• SUPPLIED MATERIAL:
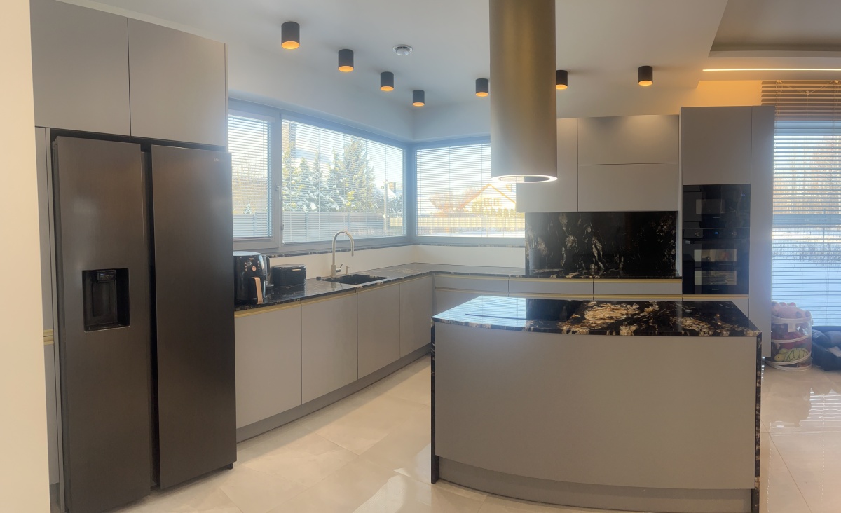 * kuchnia zaprojektowana przez projektanta na zamówienie (szafki z cichym domykiem)
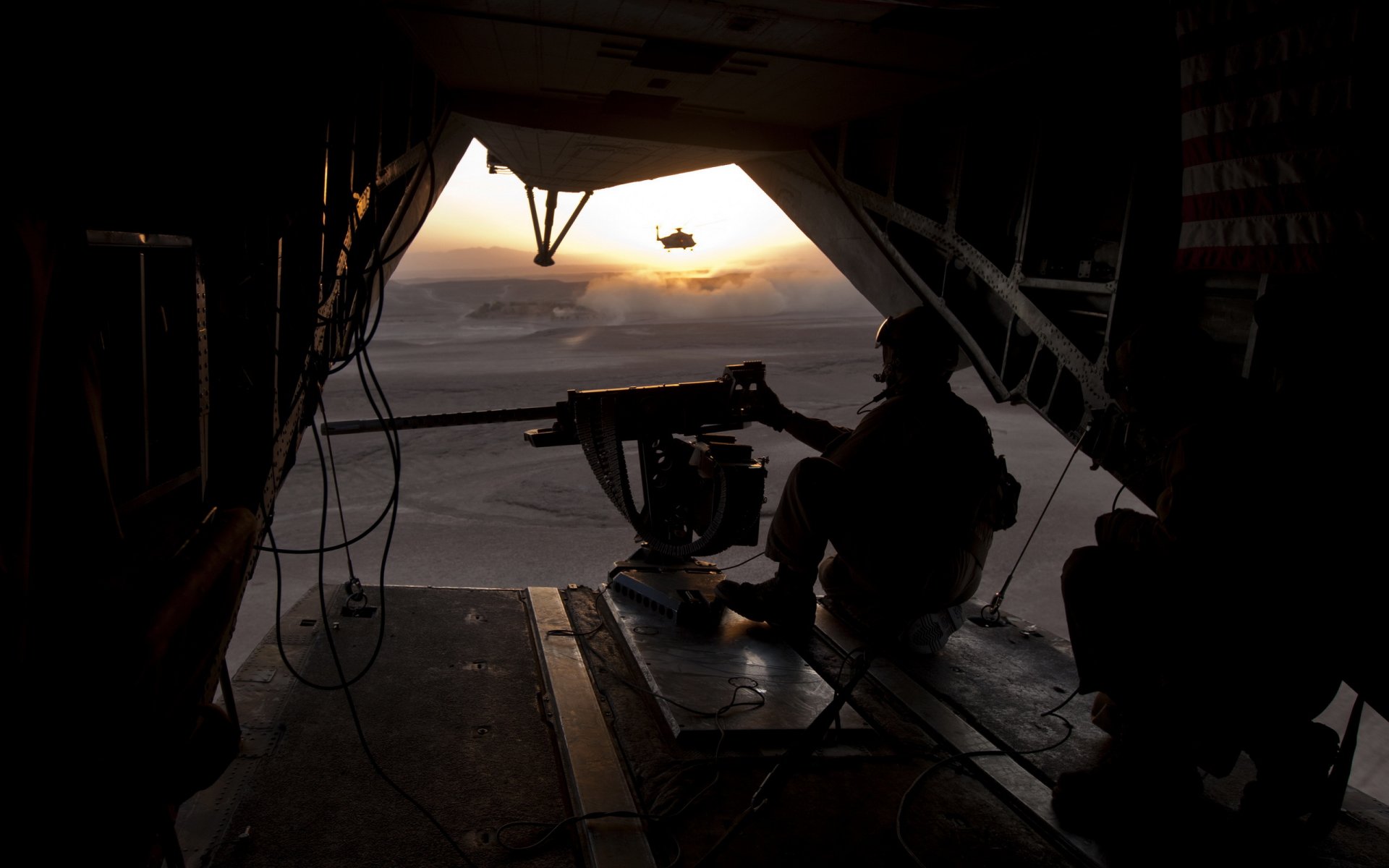 Uzbrojony żołnierz o zachodzie słońca
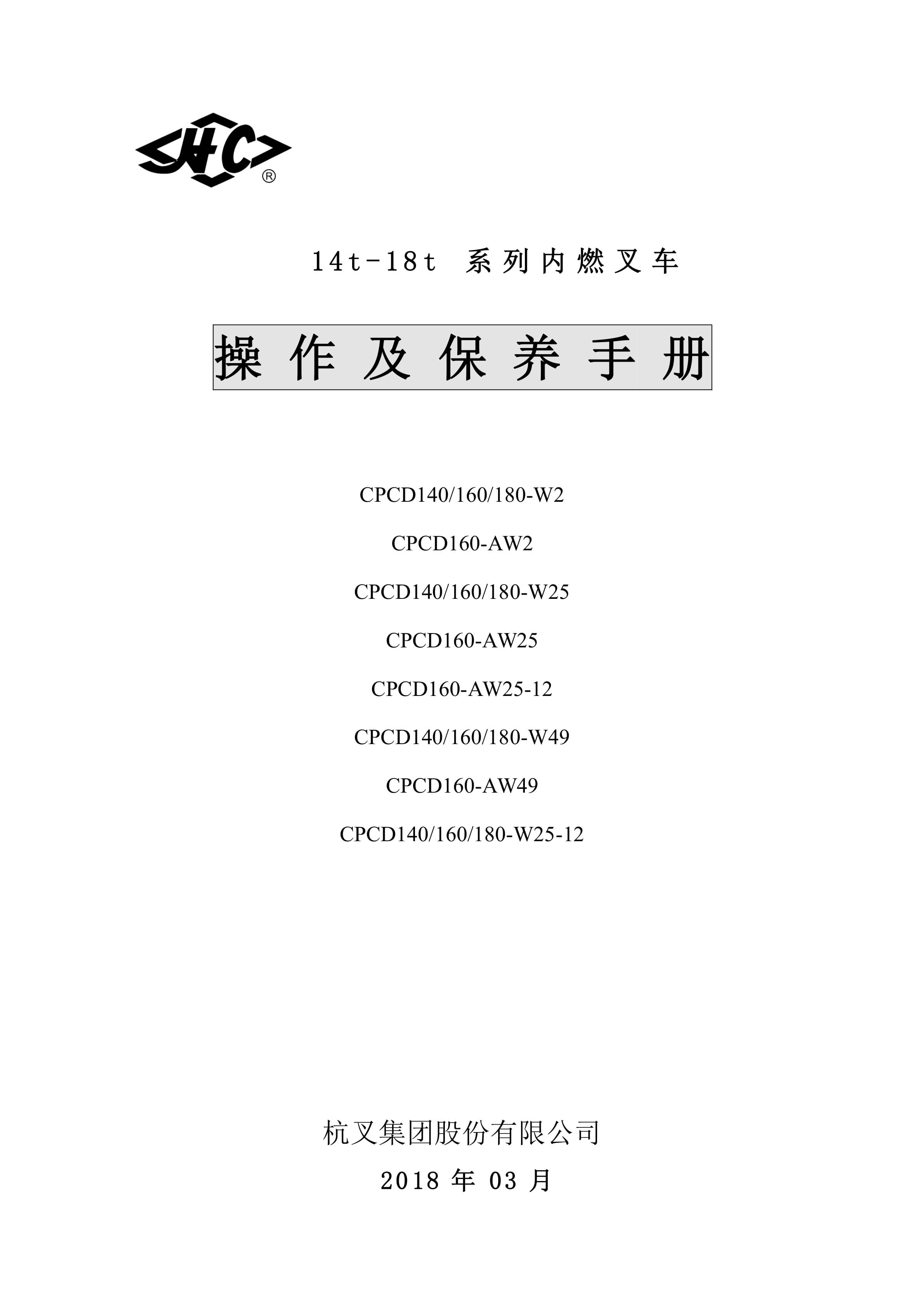 Hangcha CPCD140-W2 to CPCD180-W25-12 Operation and Maintenance Manual ZH
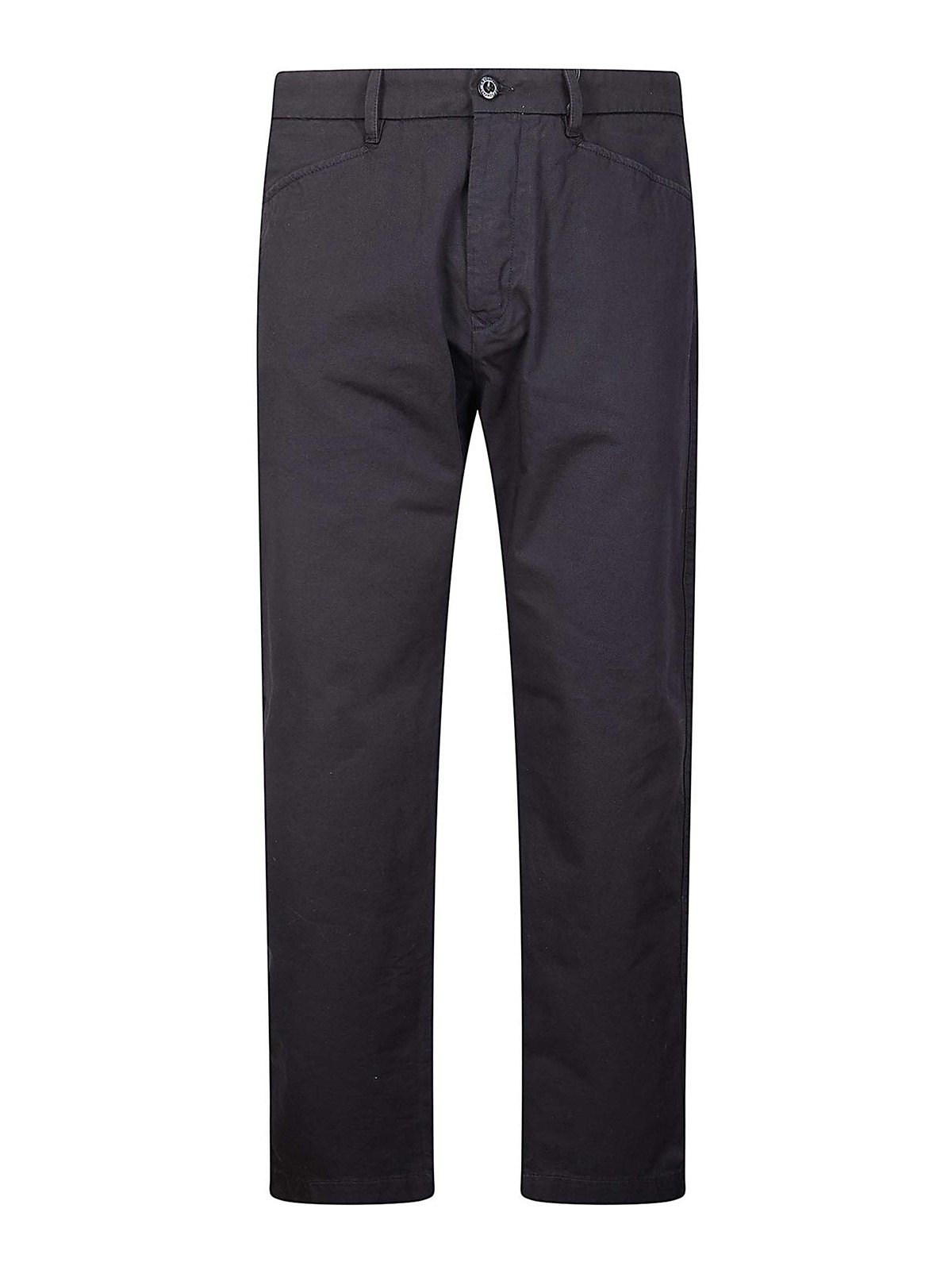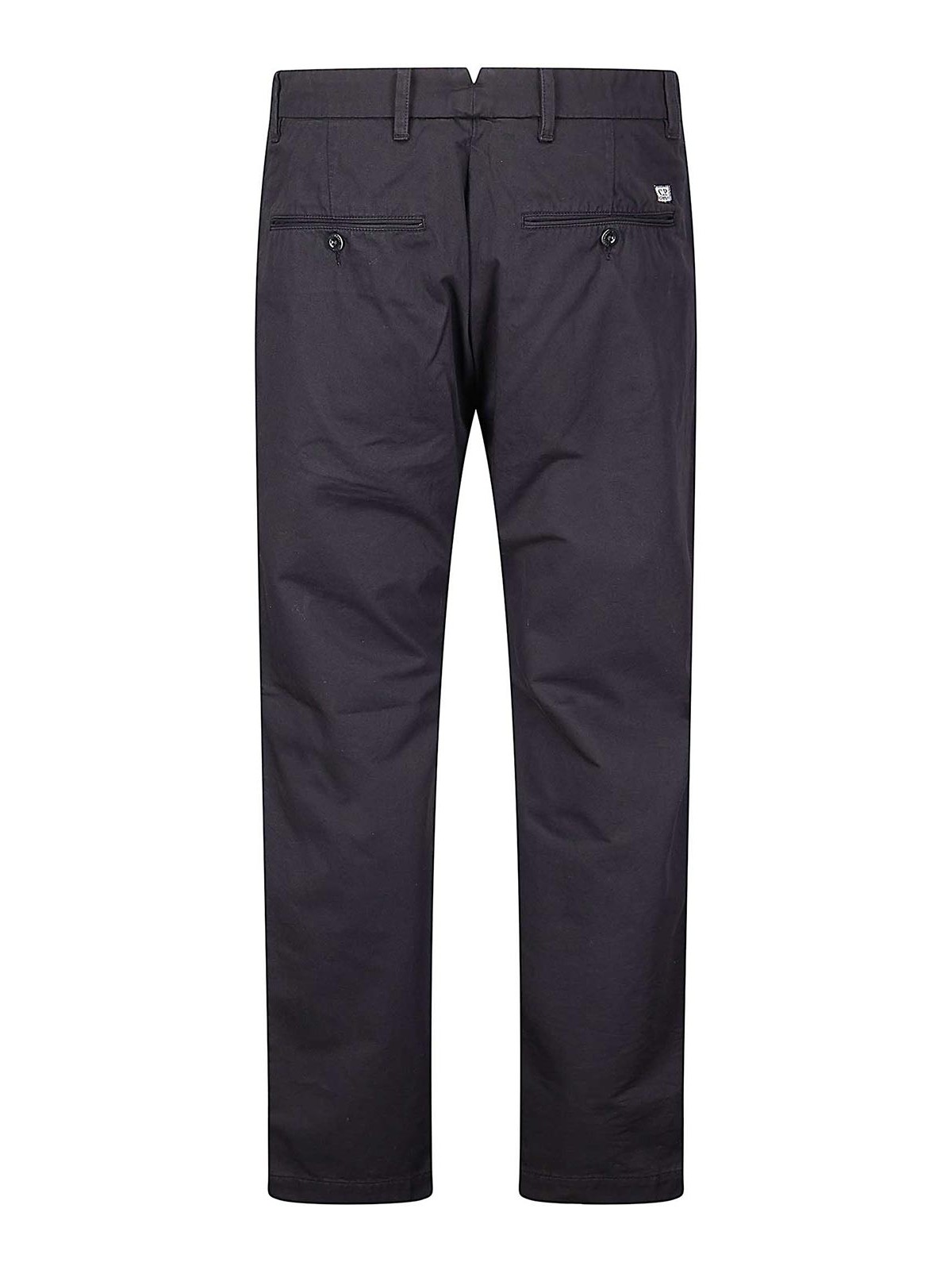 コットンギャバジン製のチノパンツ。ボタン留め、ベルトループ、サイドポケット、フロントコインポケットが特徴です。後ろにボタンとラベルが貼られたウェルトポケットが、衣類を完璧に仕上げています。ガーメントダイド。レギュラーフィット。

• WHAT THIS TASK INVOLVES: Exact copy, no images: rewrite the entire listing above.

• OUTPUT OF THE TASK:
 * kuchnia zaprojektowana przez projektanta na zamówienie (szafki z cichym domykiem)
 Uzbrojony żołnierz o zachodzie słońca
 Hangcha CPCD140-W2 to CPCD180-W25-12 Operation and Maintenance Manual ZH
 コットンギャバジン製のチノパンツ。ボタン留め、ベルトループ、サイドポケット、フロントコインポケットが特徴です。後ろにボタンとラベルが貼られたウェルトポケットが、衣類を完璧に仕上げています。ガーメントダイド。レギュラーフィット。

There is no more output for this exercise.